Peptide mass fingerprinting analysis of the modified MS thiol group of cysteine residues within the highly conserved RING I domain of recombinant human parkin exposed to SNOC. (Upper) Quadrupole time-of-flight (Q-TOF) results for RING I domain of recombinant parkin exposed to SNOC. Sequences containing modified cysteines. Carbamidomethyl (CAM) signifies modification by iodoacetamide alkylation to protect free cysteines before trypsin digestion. Cys-SNO indicates S-nitrosothiol formation; Cys-SO₂H or Cys-SO₃H indicates sulfinic or sulfonic acid derivatization, respectively. Previously, we had shown that nitrosylation can precede further oxidation to these derivatives (14). Five of the seven cysteine residues in the RING I domain underwent modification. Single-letter abbreviations for the amino acid residues are as follows: A, Ala; C, Cys; D, Asp; E, Glu; F, Phe; G, Gly; H, His; I, Ile; K, Lys; L, Leu; M, Met; N, Asn; P, Pro; Q, Gln; R, Arg; S, Ser; T, Thr; V, Val; W, Trp; and Y, Tyr. (Lower) Schematic representation of parkin and sample mass spectra of parkin modifications in RING I domain (bars indicate tryptic fragments containing modified cysteine residues). Ubl, ubiquitin-like domain; IBR, in-between RING domain.

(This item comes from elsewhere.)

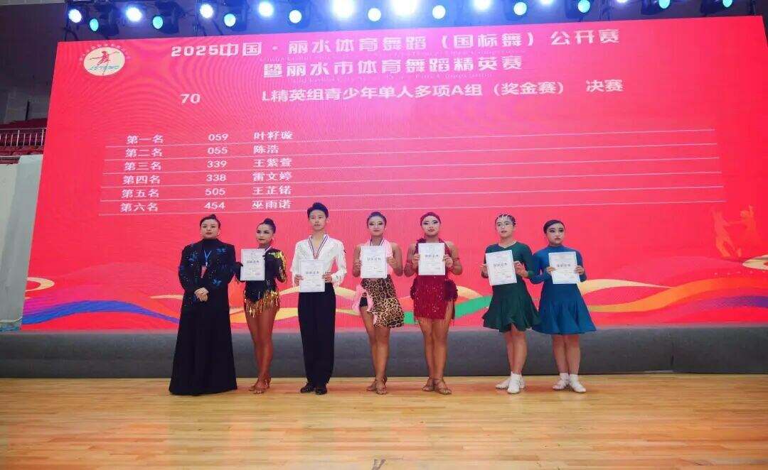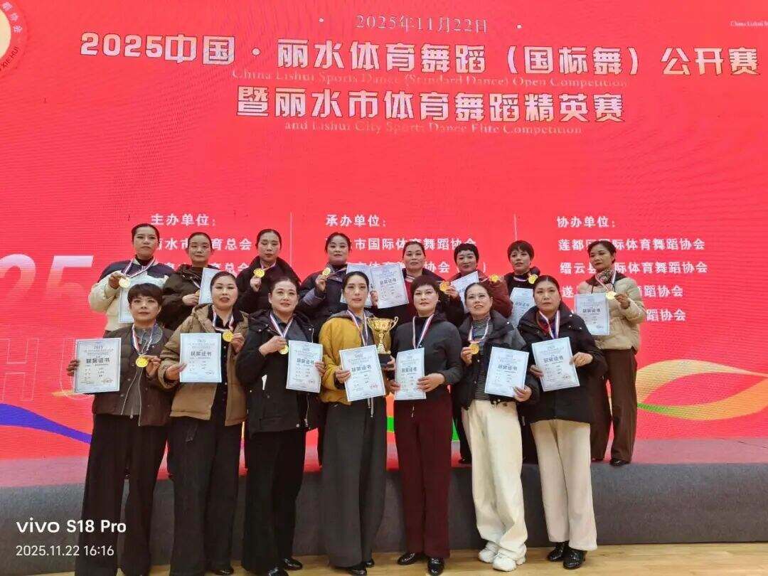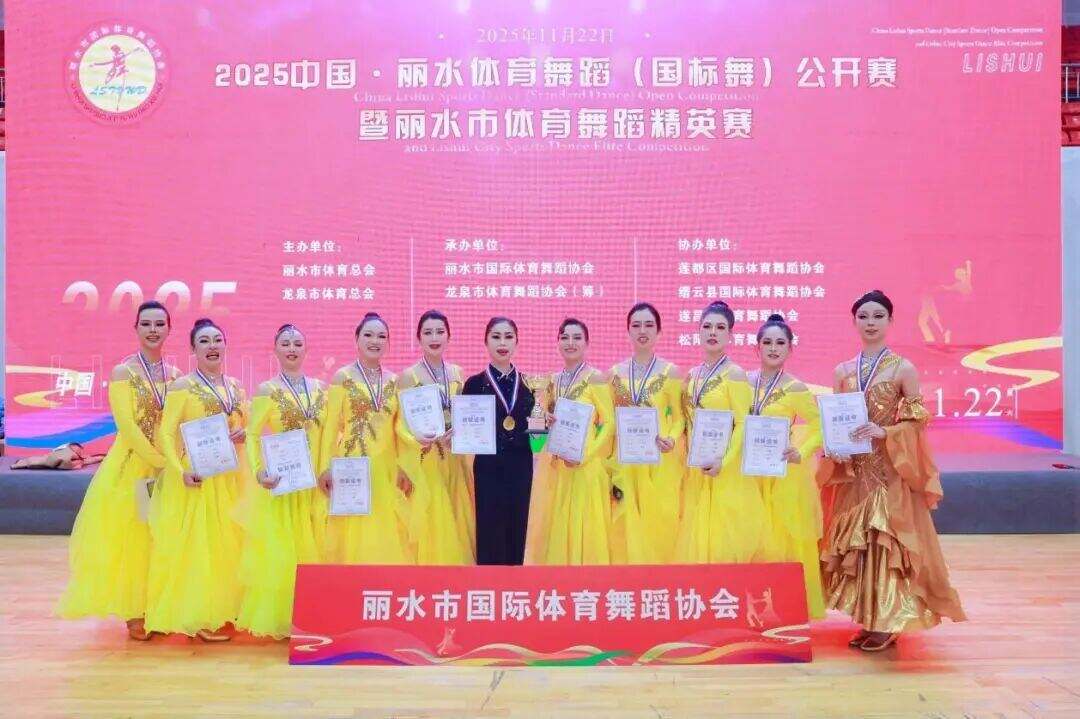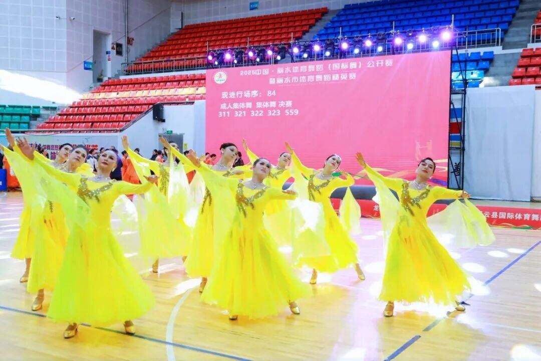 11月22日,龙泉体育馆内灯光璀璨、掌声雷动,由丽水市体育总会、龙泉市体育总会主办,丽水市国际体育舞蹈协会、龙泉市体育舞蹈协会(筹)、龙泉市君扬艺术培训有限公司联合承办的2025中国丽水体育舞蹈(国标舞)公开赛暨丽水体育舞蹈精英赛,在此圆满落下帷幕。

For additional mass spectra results on the RING II and IBR domains, see Fig. 7 and Table 1.

Fig. 5.

Model of S-nitrosylation of parkin. Ribbon structure of a partial sequence of human parkin showing RING I domain (residues ²³⁷Thr to ²⁹¹Ala). α-Helix shown in red, β-sheet in cyan, cysteine residues in green, histidine in yellow, aspartate in red, and arginine in blue. ²⁴¹Cys and ²⁶⁰Cys match the nitrosylation consensus motif (13).